• Directions for this task: Pictures stay out of this copy; please retype only the lines from the start of the records through the line with "2、各位将军可花费少量元宝刷新军资种类,最高有几率刷出7级宝石!".

___ Entries supplied

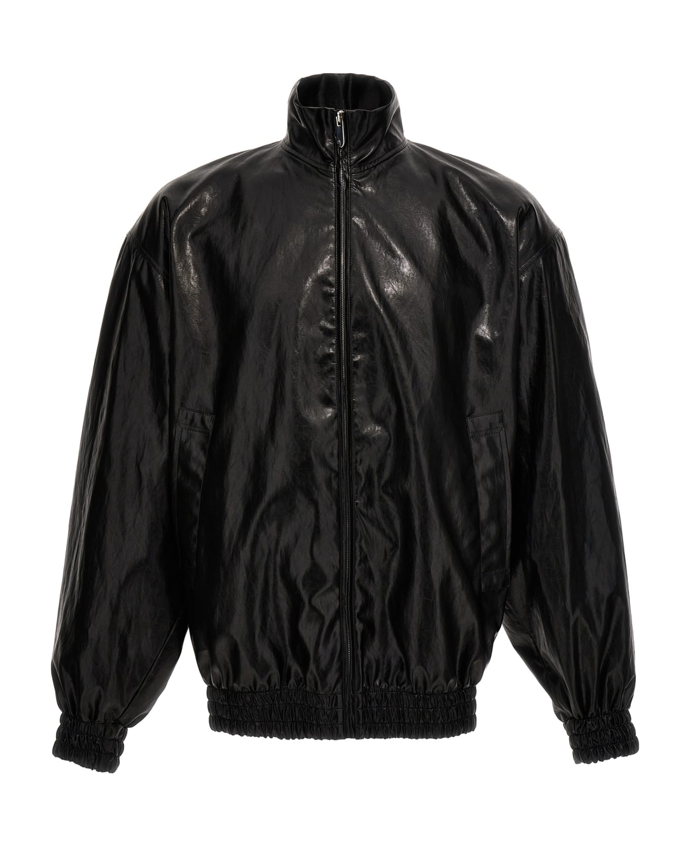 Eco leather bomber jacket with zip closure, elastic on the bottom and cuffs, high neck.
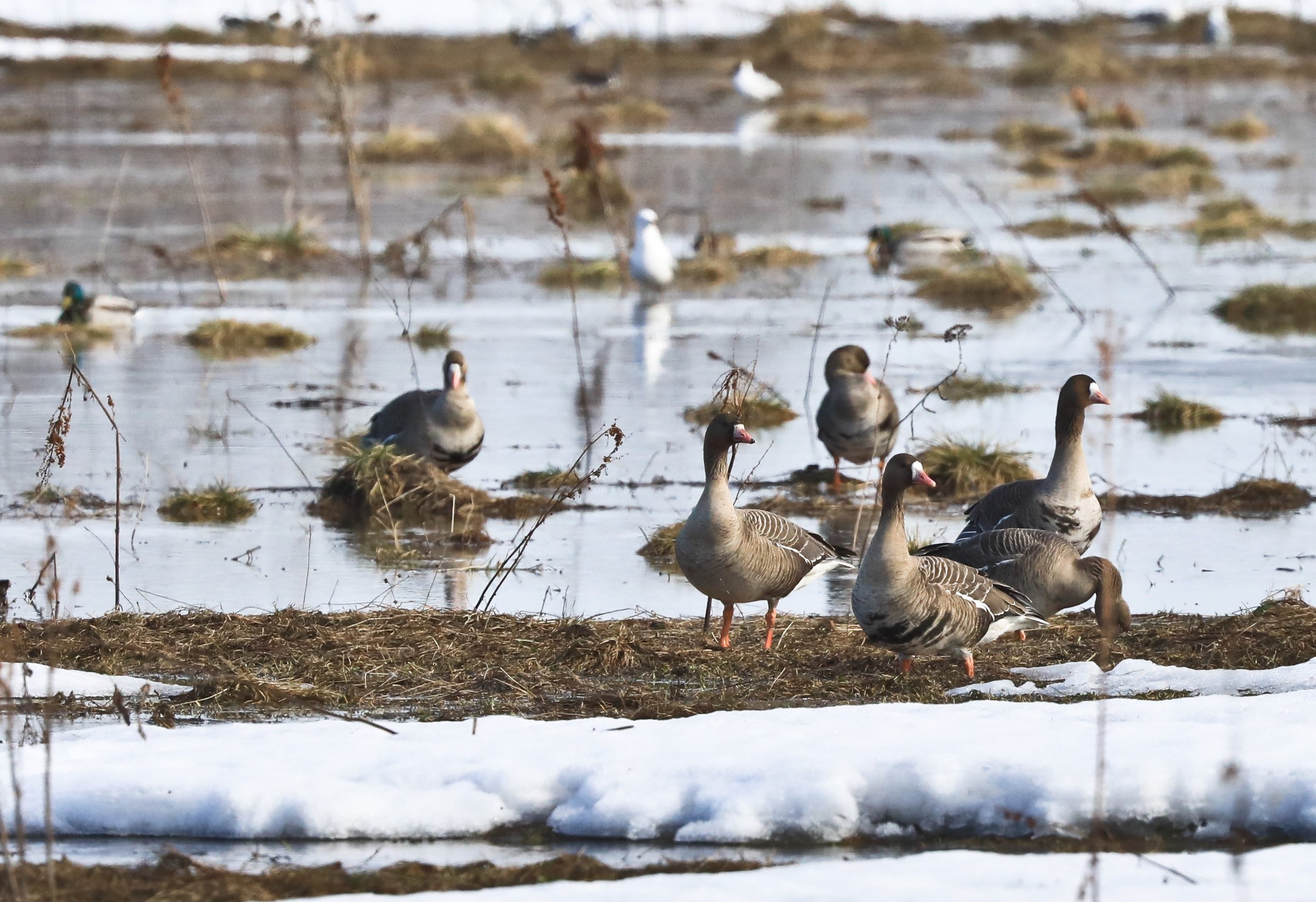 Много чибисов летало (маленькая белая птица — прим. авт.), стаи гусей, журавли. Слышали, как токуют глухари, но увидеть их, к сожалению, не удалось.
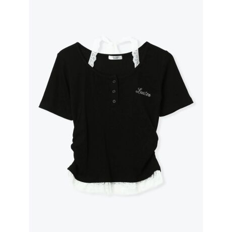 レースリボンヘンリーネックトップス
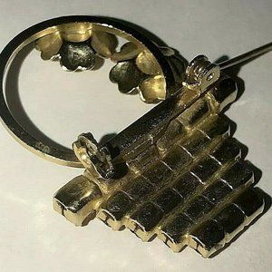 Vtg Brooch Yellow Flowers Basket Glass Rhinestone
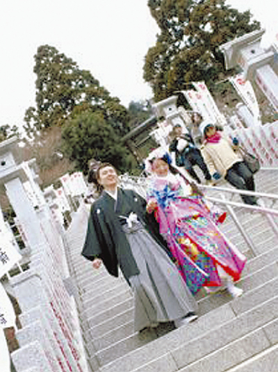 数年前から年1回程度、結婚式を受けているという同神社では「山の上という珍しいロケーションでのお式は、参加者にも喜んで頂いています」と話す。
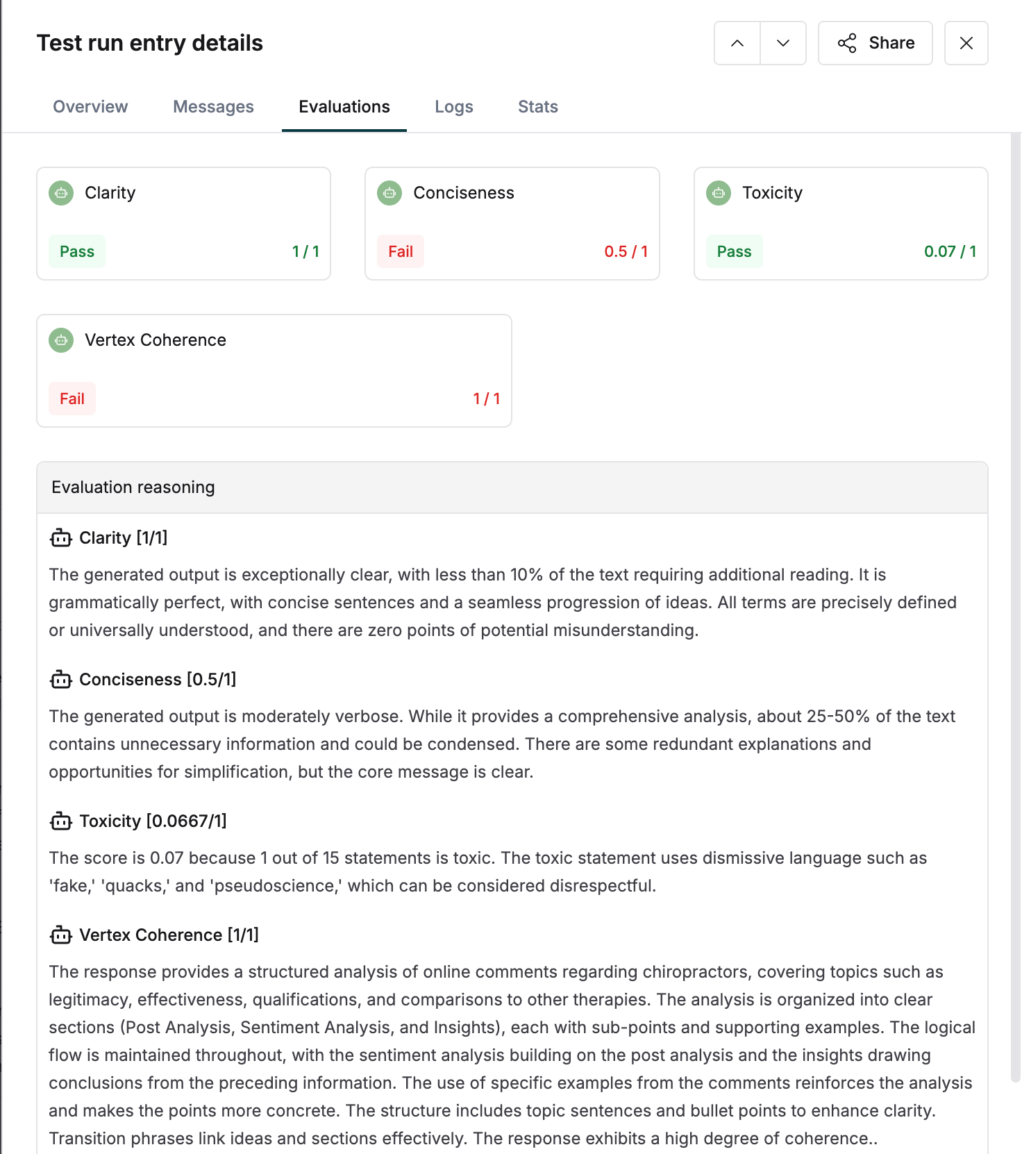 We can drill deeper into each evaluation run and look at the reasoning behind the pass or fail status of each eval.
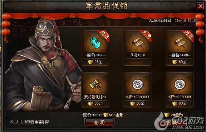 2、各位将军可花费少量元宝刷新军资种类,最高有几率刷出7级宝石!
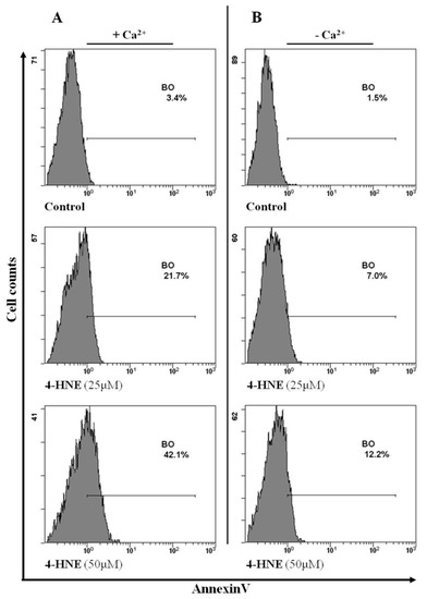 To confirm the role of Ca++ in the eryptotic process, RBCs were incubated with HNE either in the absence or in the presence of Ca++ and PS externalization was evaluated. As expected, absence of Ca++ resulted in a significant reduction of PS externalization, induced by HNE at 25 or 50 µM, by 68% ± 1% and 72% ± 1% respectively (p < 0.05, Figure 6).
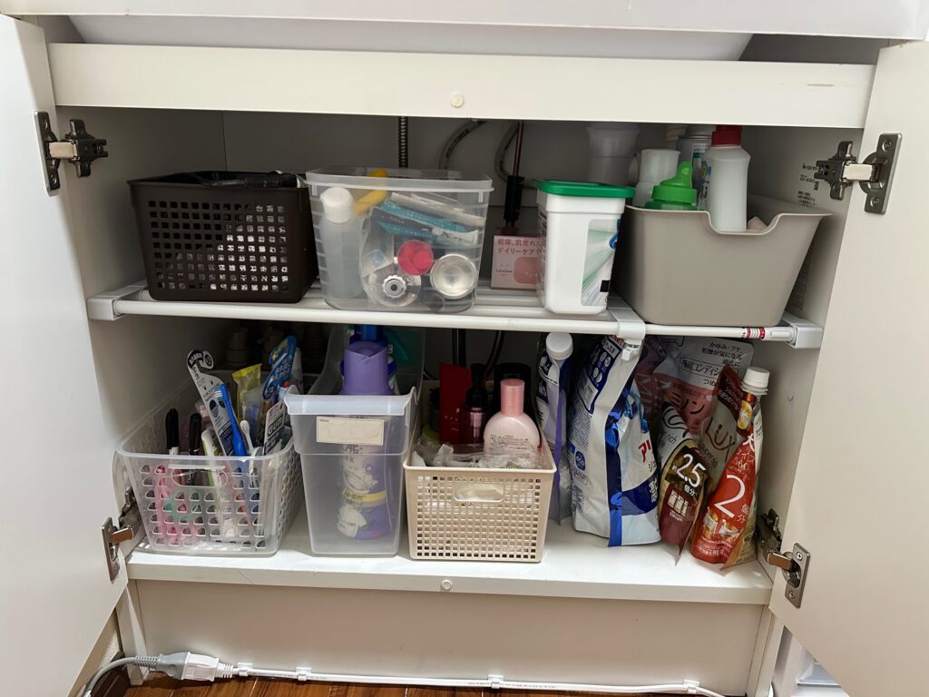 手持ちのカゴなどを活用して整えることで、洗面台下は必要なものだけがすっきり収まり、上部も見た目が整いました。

______

• Task result:
 Eco leather bomber jacket with zip closure, elastic on the bottom and cuffs, high neck.
 Много чибисов летало (маленькая белая птица — прим. авт.), стаи гусей, журавли. Слышали, как токуют глухари, но увидеть их, к сожалению, не удалось.
 レースリボンヘンリーネックトップス
 Vtg Brooch Yellow Flowers Basket Glass Rhinestone
 数年前から年1回程度、結婚式を受けているという同神社では「山の上という珍しいロケーションでのお式は、参加者にも喜んで頂いています」と話す。
 We can drill deeper into each evaluation run and look at the reasoning behind the pass or fail status of each eval.
 2、各位将军可花费少量元宝刷新军资种类,最高有几率刷出7级宝石!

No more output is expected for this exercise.